In his spare time, Tony Eastin likes to dabble in the stock market. One day last year, he Googled a pharmaceutical company that seemed like a promising investment. One of the first search results Google served up on its news tab was listed as coming from the Clayton County Register, a newspaper in northeastern Iowa. He clicked, and read. The story was garbled and devoid of useful information—and so were all the other finance-themed posts filling the site, which had absolutely nothing to do with northeastern Iowa. “I knew right away there was something off,” he says. There’s plenty of junk on the internet, but this struck Eastin as strange: Why would a small Midwestern paper churn out crappy blog posts about retail investing?
Eastin was primed to find online mysteries irresistible. After years in the US Air Force working on psychological warfare campaigns he had joined Meta, where he investigated nastiness ranging from child abuse to political influence operations. Now he was between jobs, and welcomed a new mission.
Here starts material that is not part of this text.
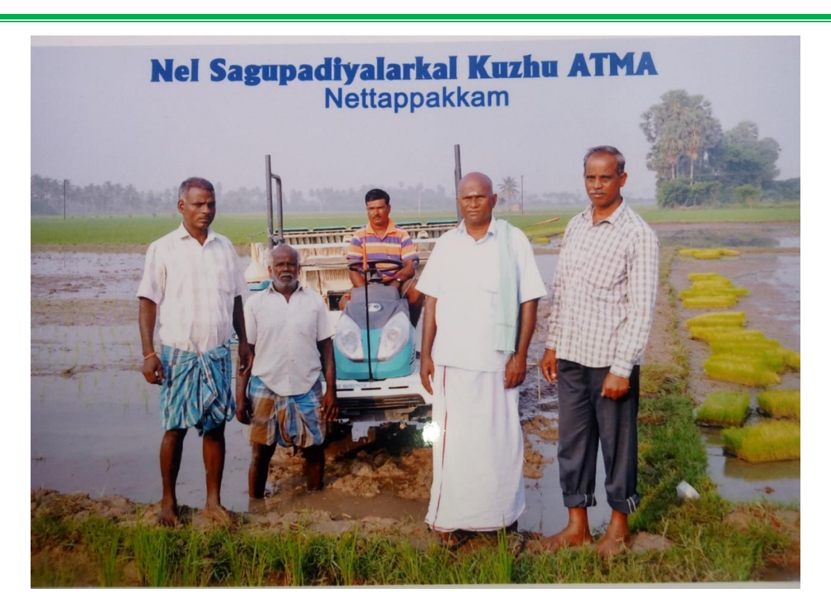
CIG PRESIDENT AND MEMBERS WITH PADDY TRANSPLANTER

So Eastin reached out to Sandeep Abraham, a friend and former Meta colleague who previously worked in Army intelligence and for the National Security Agency, and suggested they start digging.
What the pair uncovered provides a snapshot of how generative AI is enabling deceptive new online business models. Networks of websites crammed with AI-generated clickbait are being built by preying on the reputations of established media outlets and brands. These outlets prosper by confusing and misleading audiences and advertisers alike, “domain squatting” on URLs that once belonged to more reputable organizations. The scuzzy site Eastin was referred to no longer belonged to the newspaper whose name it still traded in the name of.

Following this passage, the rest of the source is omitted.